**Record extracts**
- - - - -
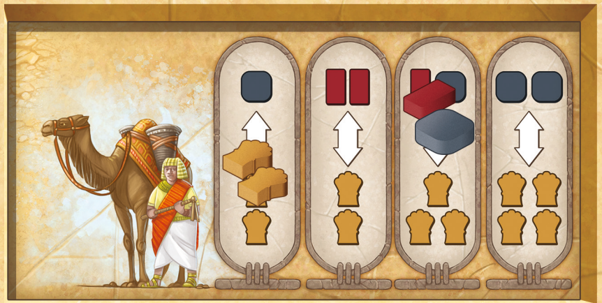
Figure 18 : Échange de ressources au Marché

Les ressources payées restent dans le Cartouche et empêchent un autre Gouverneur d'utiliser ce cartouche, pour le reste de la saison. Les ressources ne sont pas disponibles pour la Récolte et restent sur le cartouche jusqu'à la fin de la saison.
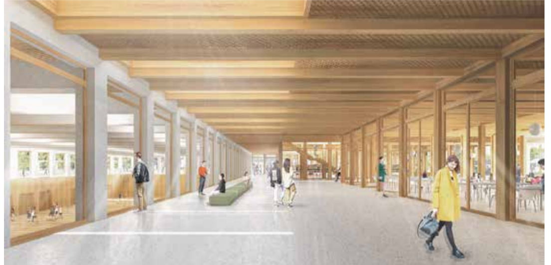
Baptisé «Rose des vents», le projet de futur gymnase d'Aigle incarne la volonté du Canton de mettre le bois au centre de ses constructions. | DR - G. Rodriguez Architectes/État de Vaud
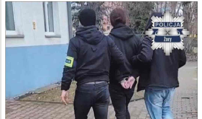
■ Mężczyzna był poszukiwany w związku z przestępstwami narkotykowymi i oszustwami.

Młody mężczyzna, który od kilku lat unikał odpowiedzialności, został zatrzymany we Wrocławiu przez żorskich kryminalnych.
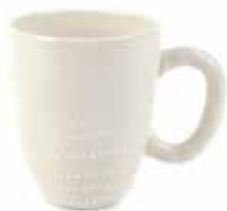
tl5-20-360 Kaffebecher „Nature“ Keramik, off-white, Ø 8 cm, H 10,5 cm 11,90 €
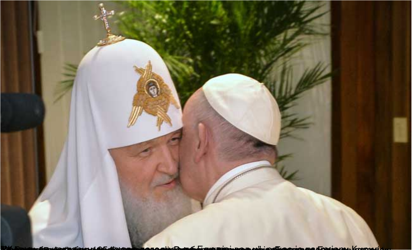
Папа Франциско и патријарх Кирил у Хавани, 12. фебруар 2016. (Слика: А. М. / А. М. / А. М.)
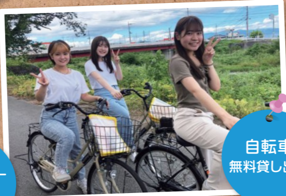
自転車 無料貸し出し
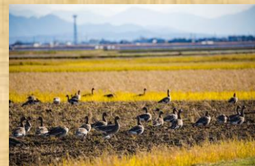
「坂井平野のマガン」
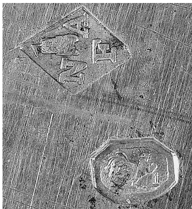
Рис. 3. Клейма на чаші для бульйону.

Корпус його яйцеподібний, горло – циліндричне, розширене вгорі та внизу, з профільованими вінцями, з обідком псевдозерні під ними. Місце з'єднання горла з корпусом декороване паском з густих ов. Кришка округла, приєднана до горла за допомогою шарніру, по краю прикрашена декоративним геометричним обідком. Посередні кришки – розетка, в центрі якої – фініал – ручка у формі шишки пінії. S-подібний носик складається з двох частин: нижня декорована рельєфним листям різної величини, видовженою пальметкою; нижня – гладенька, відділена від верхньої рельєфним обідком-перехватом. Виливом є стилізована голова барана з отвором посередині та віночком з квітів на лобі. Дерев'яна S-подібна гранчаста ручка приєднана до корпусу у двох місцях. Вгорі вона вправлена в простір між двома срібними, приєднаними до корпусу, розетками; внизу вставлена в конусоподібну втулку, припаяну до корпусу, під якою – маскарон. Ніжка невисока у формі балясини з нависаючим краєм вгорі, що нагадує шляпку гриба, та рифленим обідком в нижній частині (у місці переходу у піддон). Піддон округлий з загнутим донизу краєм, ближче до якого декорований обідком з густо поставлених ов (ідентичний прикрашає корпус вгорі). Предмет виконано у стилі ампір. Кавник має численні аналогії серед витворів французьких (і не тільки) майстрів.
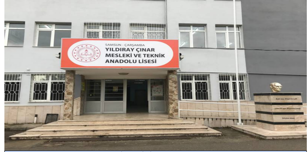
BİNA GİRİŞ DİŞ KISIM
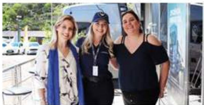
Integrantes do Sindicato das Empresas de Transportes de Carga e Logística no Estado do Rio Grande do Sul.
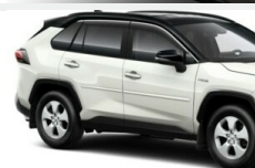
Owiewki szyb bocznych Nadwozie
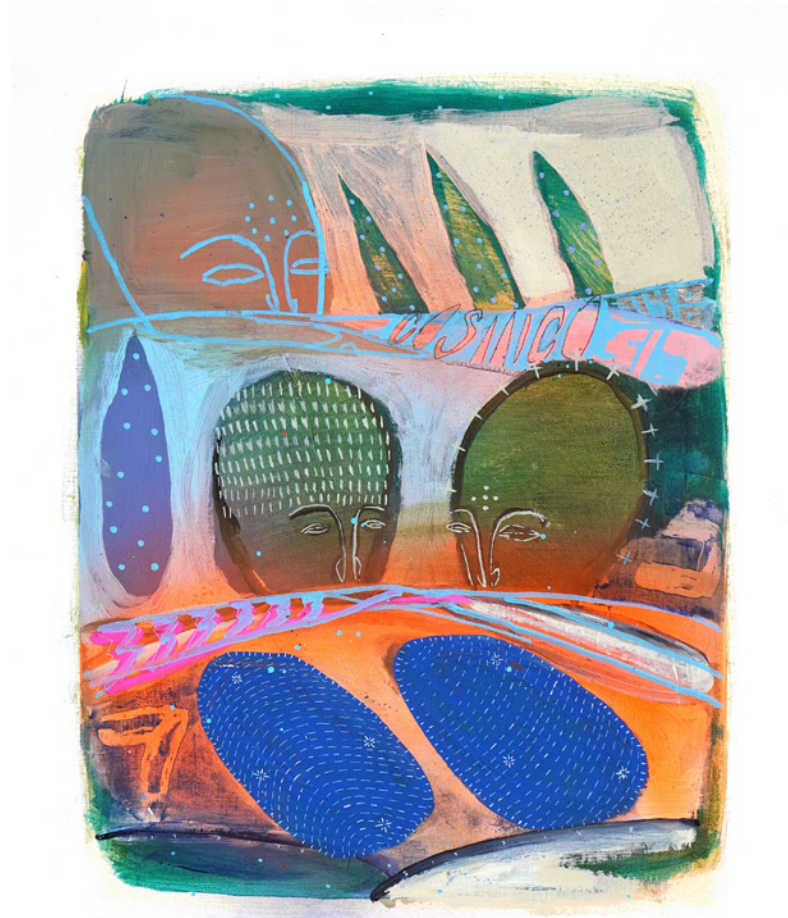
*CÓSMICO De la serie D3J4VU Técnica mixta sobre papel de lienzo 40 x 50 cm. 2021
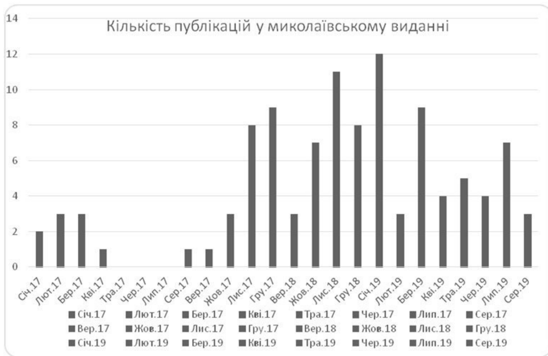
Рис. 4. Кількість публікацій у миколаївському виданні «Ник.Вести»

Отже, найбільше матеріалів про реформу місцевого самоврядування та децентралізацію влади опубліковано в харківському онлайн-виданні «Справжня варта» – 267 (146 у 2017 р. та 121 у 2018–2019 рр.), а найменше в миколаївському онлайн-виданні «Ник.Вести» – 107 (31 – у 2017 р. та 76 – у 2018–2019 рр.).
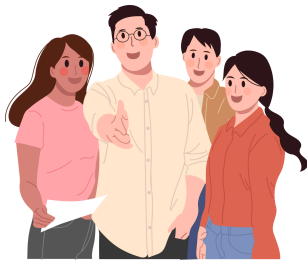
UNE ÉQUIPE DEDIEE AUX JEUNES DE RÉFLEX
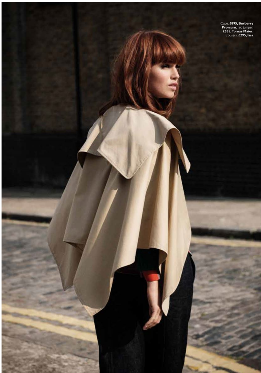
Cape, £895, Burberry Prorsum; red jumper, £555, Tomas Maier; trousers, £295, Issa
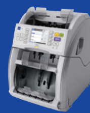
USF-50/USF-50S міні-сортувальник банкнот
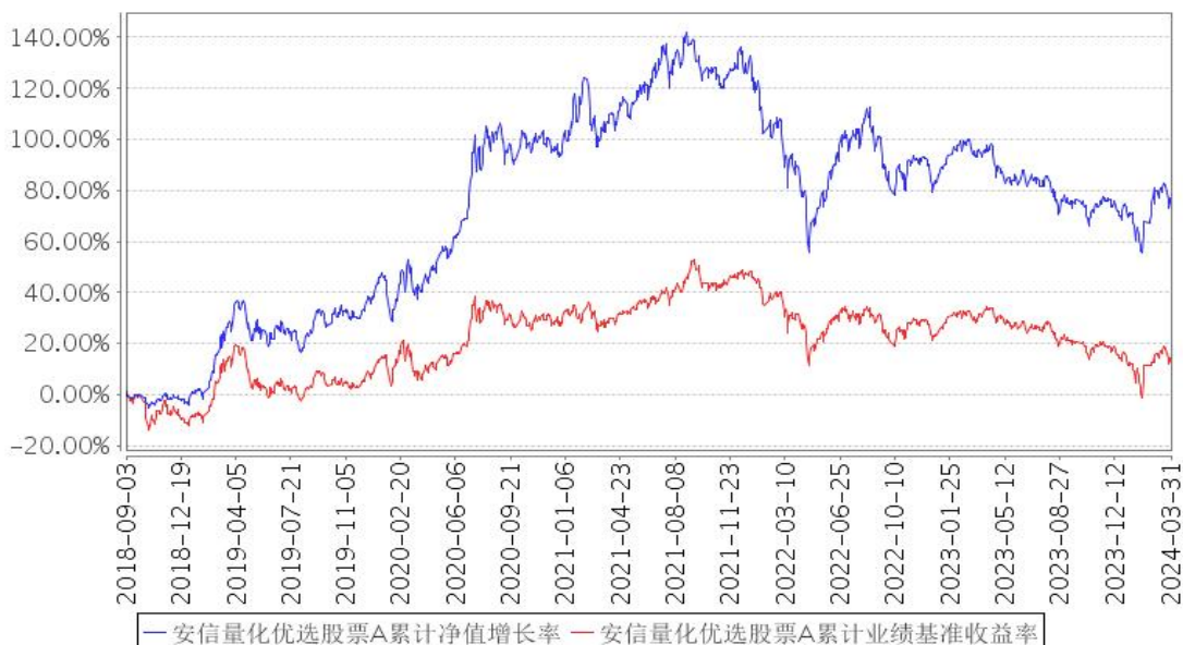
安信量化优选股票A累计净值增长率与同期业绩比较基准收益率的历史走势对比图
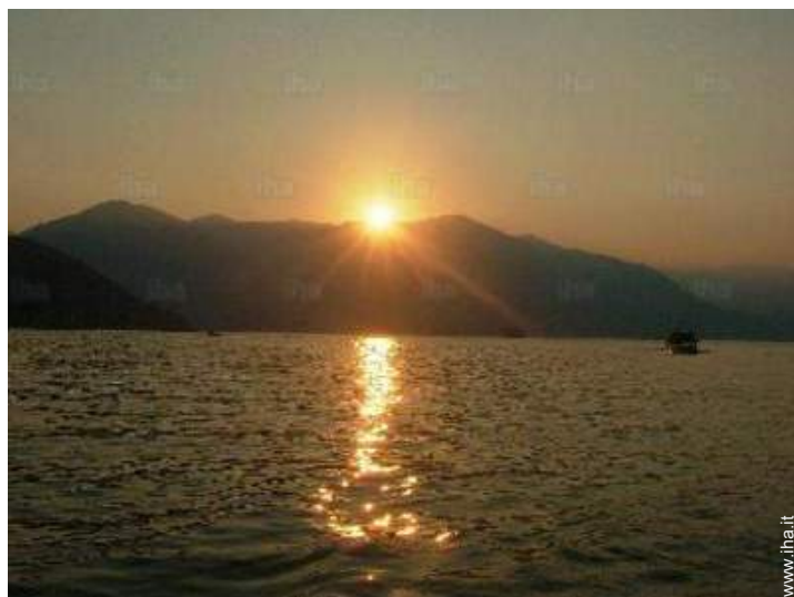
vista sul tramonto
- - - - -
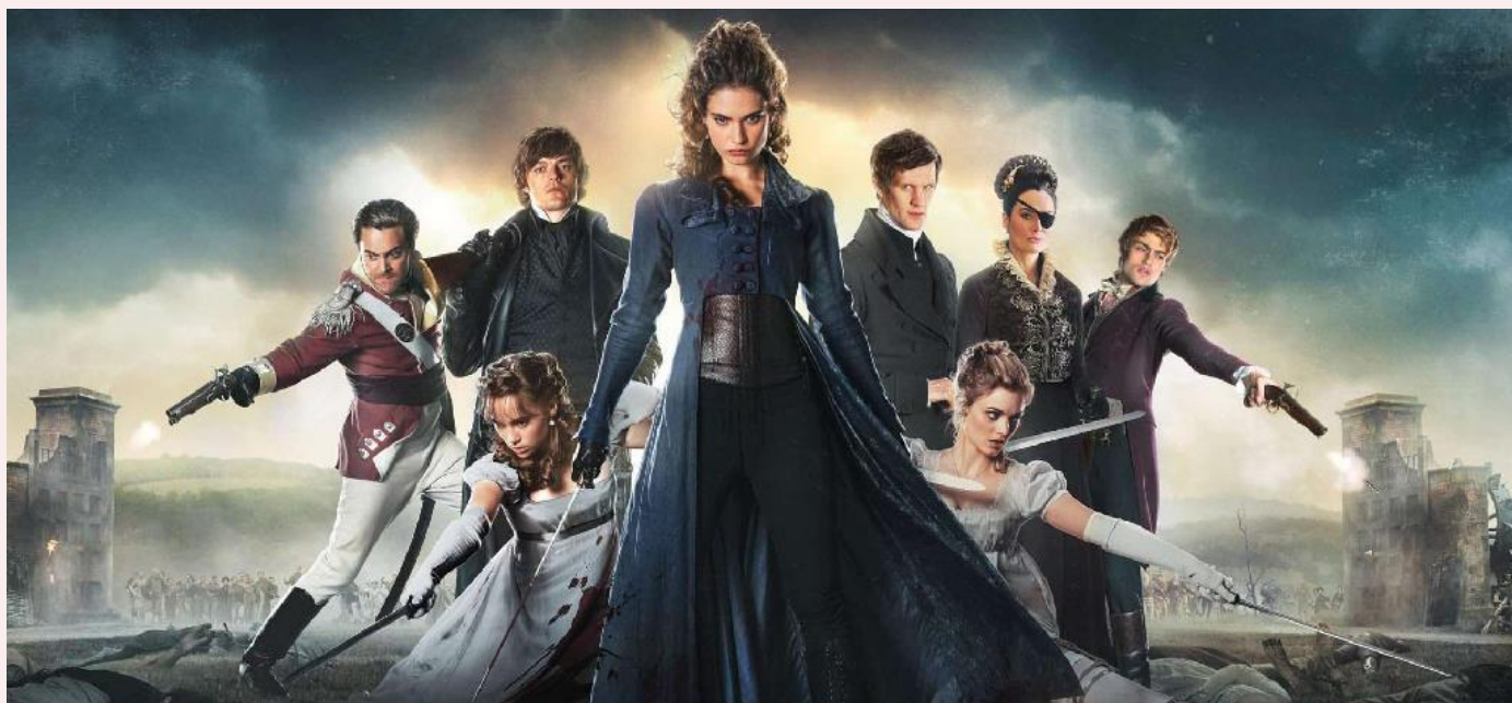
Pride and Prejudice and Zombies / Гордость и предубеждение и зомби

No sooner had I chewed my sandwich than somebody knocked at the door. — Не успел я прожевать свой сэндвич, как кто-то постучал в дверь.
- - - - -
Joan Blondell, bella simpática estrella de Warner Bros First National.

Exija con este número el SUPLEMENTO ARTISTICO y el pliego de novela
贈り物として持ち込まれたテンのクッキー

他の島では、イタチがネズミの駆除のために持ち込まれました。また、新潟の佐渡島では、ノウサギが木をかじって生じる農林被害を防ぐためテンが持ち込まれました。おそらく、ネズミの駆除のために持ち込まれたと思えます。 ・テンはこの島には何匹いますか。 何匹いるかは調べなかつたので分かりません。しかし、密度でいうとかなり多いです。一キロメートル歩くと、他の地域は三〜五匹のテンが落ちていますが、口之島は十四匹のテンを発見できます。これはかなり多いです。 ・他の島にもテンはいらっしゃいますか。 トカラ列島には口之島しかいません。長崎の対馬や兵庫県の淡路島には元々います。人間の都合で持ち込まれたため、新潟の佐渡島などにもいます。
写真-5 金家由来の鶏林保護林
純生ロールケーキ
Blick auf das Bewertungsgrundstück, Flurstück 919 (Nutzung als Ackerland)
- - - - -
**What the task requires**
Only one stretch of the records above is wanted: the lines between the one holding "Exija con este" and the one holding "Blick auf das", inclusive, reproduced exactly.

**Exercise result**
Exija con este número el SUPLEMENTO ARTISTICO y el pliego de novela
贈り物として持ち込まれたテンのクッキー

他の島では、イタチがネズミの駆除のために持ち込まれました。また、新潟の佐渡島では、ノウサギが木をかじって生じる農林被害を防ぐためテンが持ち込まれました。おそらく、ネズミの駆除のために持ち込まれたと思えます。 ・テンはこの島には何匹いますか。 何匹いるかは調べなかつたので分かりません。しかし、密度でいうとかなり多いです。一キロメートル歩くと、他の地域は三〜五匹のテンが落ちていますが、口之島は十四匹のテンを発見できます。これはかなり多いです。 ・他の島にもテンはいらっしゃいますか。 トカラ列島には口之島しかいません。長崎の対馬や兵庫県の淡路島には元々います。人間の都合で持ち込まれたため、新潟の佐渡島などにもいます。
写真-5 金家由来の鶏林保護林
純生ロールケーキ
Blick auf das Bewertungsgrundstück, Flurstück 919 (Nutzung als Ackerland)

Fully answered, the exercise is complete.